Exercise prompt: All lines below between the line with "(上图)卫星图像显示,当地时" and the line with "A hand made", including both, must be copied exactly, and the pictures must be omitted.

Information shown:
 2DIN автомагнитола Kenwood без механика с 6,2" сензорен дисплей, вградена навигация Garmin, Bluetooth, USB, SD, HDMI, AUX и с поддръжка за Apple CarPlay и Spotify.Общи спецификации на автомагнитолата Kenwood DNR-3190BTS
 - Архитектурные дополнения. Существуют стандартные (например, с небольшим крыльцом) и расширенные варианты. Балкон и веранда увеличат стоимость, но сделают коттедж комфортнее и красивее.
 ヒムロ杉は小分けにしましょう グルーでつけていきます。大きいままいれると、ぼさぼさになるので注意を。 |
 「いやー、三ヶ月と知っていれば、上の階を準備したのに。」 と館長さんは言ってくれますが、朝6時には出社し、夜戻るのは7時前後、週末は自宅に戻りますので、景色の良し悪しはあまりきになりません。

...

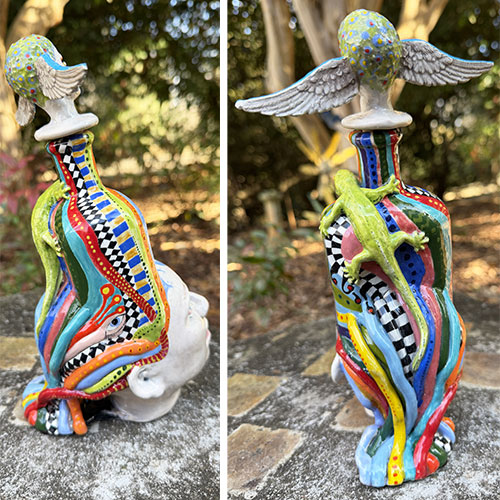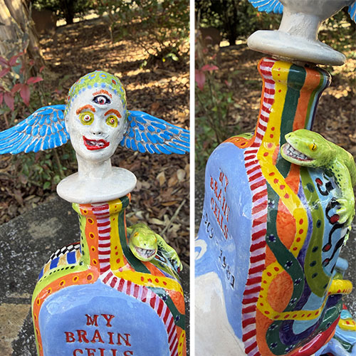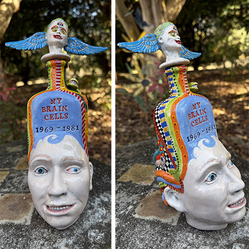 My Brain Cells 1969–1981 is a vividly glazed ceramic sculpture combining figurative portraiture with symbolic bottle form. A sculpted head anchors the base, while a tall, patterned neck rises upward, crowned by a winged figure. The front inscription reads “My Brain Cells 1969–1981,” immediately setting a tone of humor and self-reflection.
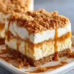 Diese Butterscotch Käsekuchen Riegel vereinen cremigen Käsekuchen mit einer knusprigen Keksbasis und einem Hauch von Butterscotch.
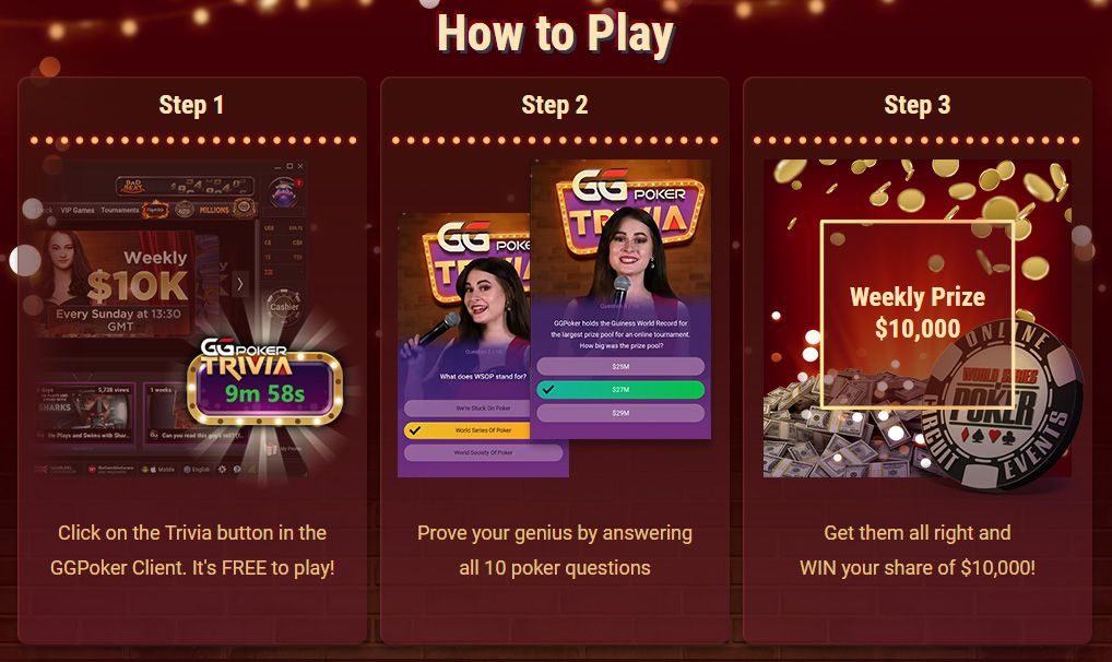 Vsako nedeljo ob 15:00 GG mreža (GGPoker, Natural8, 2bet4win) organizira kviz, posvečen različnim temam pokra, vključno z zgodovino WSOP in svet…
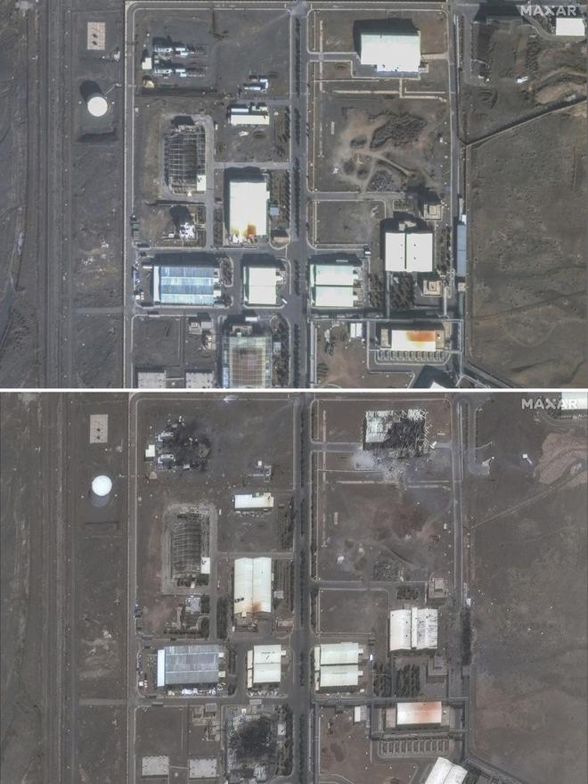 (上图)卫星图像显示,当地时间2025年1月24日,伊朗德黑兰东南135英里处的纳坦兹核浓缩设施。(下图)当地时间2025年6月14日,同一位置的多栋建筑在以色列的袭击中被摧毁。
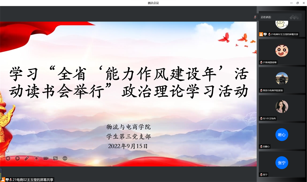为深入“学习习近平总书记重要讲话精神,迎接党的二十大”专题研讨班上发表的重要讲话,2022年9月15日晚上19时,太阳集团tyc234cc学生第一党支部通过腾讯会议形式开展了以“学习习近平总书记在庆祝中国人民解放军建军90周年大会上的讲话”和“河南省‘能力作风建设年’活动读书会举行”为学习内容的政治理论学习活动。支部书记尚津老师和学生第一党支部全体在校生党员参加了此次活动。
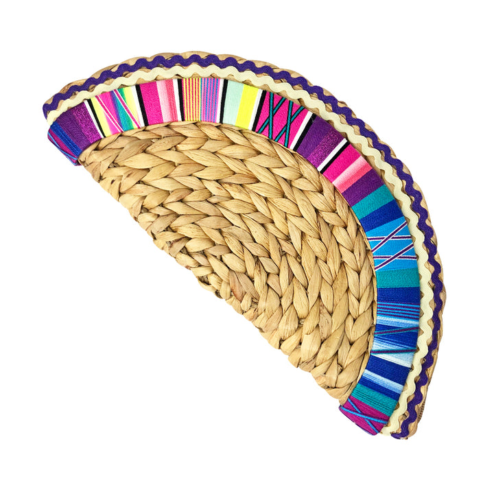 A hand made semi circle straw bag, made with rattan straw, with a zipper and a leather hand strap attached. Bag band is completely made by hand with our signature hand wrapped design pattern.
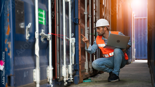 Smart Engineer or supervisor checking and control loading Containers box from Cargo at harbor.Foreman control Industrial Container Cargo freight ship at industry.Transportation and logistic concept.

--

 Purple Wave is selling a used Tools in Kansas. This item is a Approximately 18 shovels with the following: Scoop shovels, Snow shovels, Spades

Exercise solution:
 (上图)卫星图像显示,当地时间2025年1月24日,伊朗德黑兰东南135英里处的纳坦兹核浓缩设施。(下图)当地时间2025年6月14日,同一位置的多栋建筑在以色列的袭击中被摧毁。
为深入“学习习近平总书记重要讲话精神,迎接党的二十大”专题研讨班上发表的重要讲话,2022年9月15日晚上19时,太阳集团tyc234cc学生第一党支部通过腾讯会议形式开展了以“学习习近平总书记在庆祝中国人民解放军建军90周年大会上的讲话”和“河南省‘能力作风建设年’活动读书会举行”为学习内容的政治理论学习活动。支部书记尚津老师和学生第一党支部全体在校生党员参加了此次活动。
 A hand made semi circle straw bag, made with rattan straw, with a zipper and a leather hand strap attached. Bag band is completely made by hand with our signature hand wrapped design pattern.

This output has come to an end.